Primark is very well developed in Europe and most supermarkets in European countries have very strong value-focused apparel offers, so competition is a bit stiffer. The big difference is that the European consumer mentality is more driven by low prices in apparel. The US mentality likes low prices but loves discounts and deals – which chimes with what off-price players specialize in.
Here’s a jaw dropping statement. “Throughout our history, availability of inventory has never been an issue. In fact, in recent years, we have seen availability become even better as vendors look for additional ways to grow their businesses. We’ve opened thousands of new vendors, which keeps our store assortment fresh.” There’s no turning back the clock on this scenario now. The horse left the barn a couple of decades ago. I would have thought that department stores and vendors would have at least wanted to deny the off-pricers robust growth.
I keep wondering when retailers and brands are going to figure out that having an off-pricer as the leading apparel player is probably not the healthiest of scenarios. Seems like retailers and brands have two choices. Get even more down and dirty in their pricing and promotions…or…clean up their act, stop over-buying, and provide the necessary distinction and differentiation to sustain a regular price business. (Understanding that “regular price” doesn’t mean what it used to.)
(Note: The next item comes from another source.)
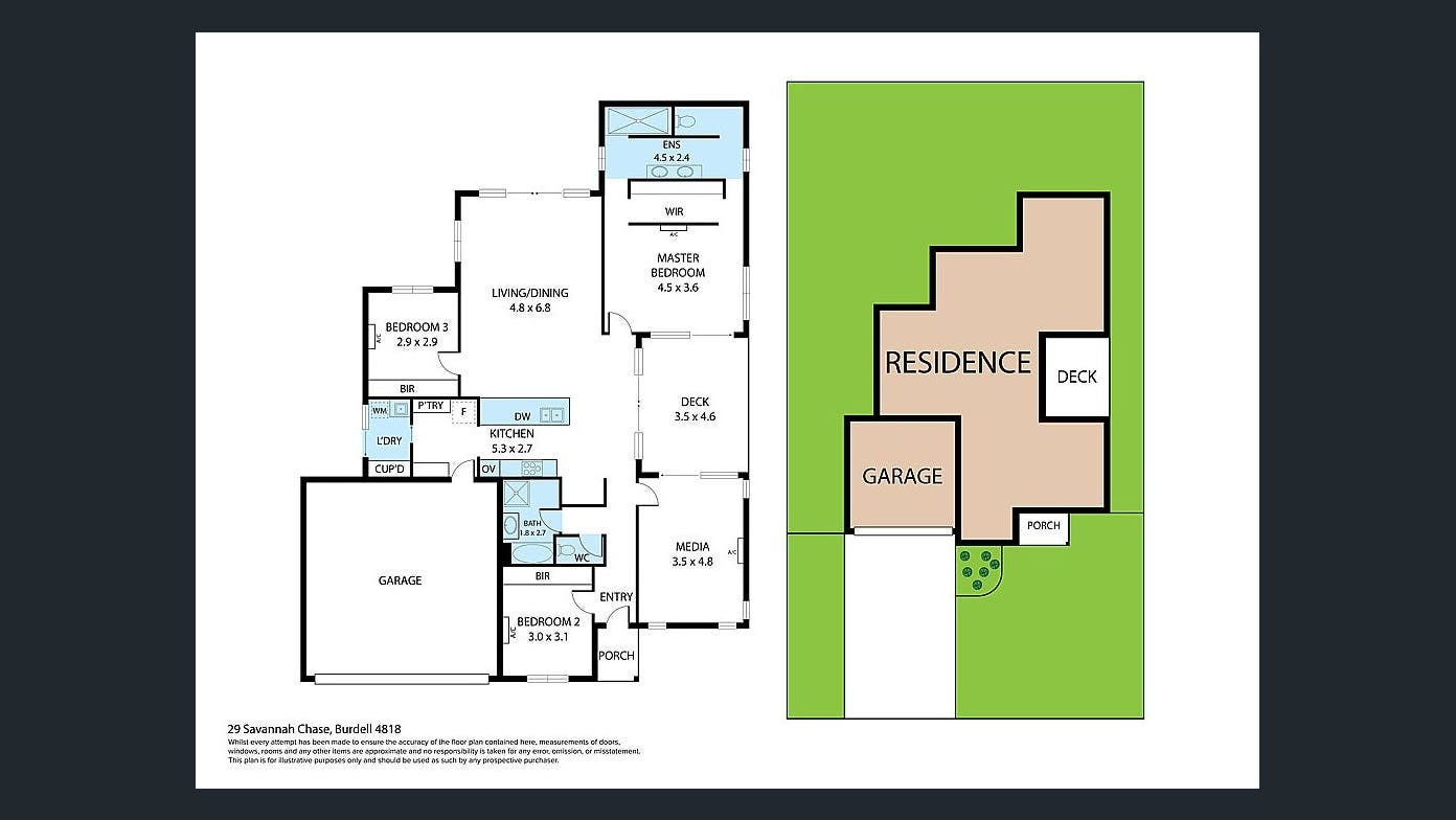 Additional features include a separate media room and a large study nook, offering flexibility for working from home or family living. The master suite is privately positioned and includes a well-appointed ensuite with dual vanities, while the remaining bedrooms are complete with built-in wardrobes and ceiling fans.

I like a treasure hunt and a deal as much as the next customer. But retailers and brands keep feeding the beast that is eating their very soul. And the off-pricers are eroding the layer of the business that makes them off-pricers. But hey, growth is the most important thing, so let’s just keep rolling along. It’s all good.
Print-to-order and eventually weave-to-order models offer upscale brands and retailers the opportunity to focus on product quality, which will mean completely accurate fits + durability / ease of care + regional design, sourcing, and production – product will cost more but value for money will be high. Not sure that mega vendors like Authentic Brands Group are up to the challenge – but that opens the door for local upstarts all over the world.
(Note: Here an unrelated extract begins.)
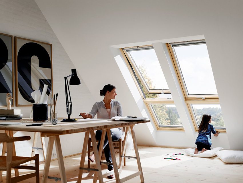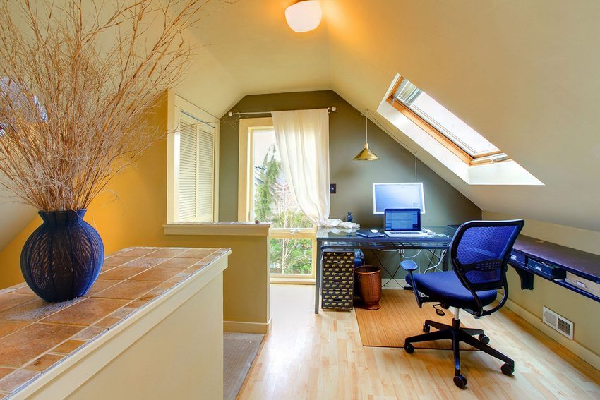 On the second floor of a huge panoramic windows. Try to take this into account when drafting your home. All walls, doors and partitions need to be dismantled in order to create one single space where all the necessary tools and devices for creative work will be located.

While the discount market can carry on with “fast fashion” mass production overseas with all its ethics, carbon, and quality issues, but at least the product will be cheap. Those sellers will have to perform their own design and production, however. So it might not be SHEIN, but rather the likes of Zara, H&M, and Primark who could move faster than TJX to both put fresh merchandise out earlier and also potentially cut off supply to the clearance channel.
The off-price apparel market continues to thrive, especially with consumers concern over inflation. Even some affluent shoppers enjoy the treasure-hunt experience and a shift away from conspicuous consumption. There seems to be a lot of market opportunity for some of TJX’s brands, especially Sierra stores.
This is a strong plan…as long as inflation rages and people of most income levels are feeling strapped. Take those exogenous factors out of their calculation and suddenly you have expanded beyond where you should be.
Foreseeing an economic turnaround and consumer sentiment turnaround is mostly a fools errand, and as long as they can continue to stock their stores this is a good plan. If nothing else, they are signaling their bullishness on their business model, which is always a good thing.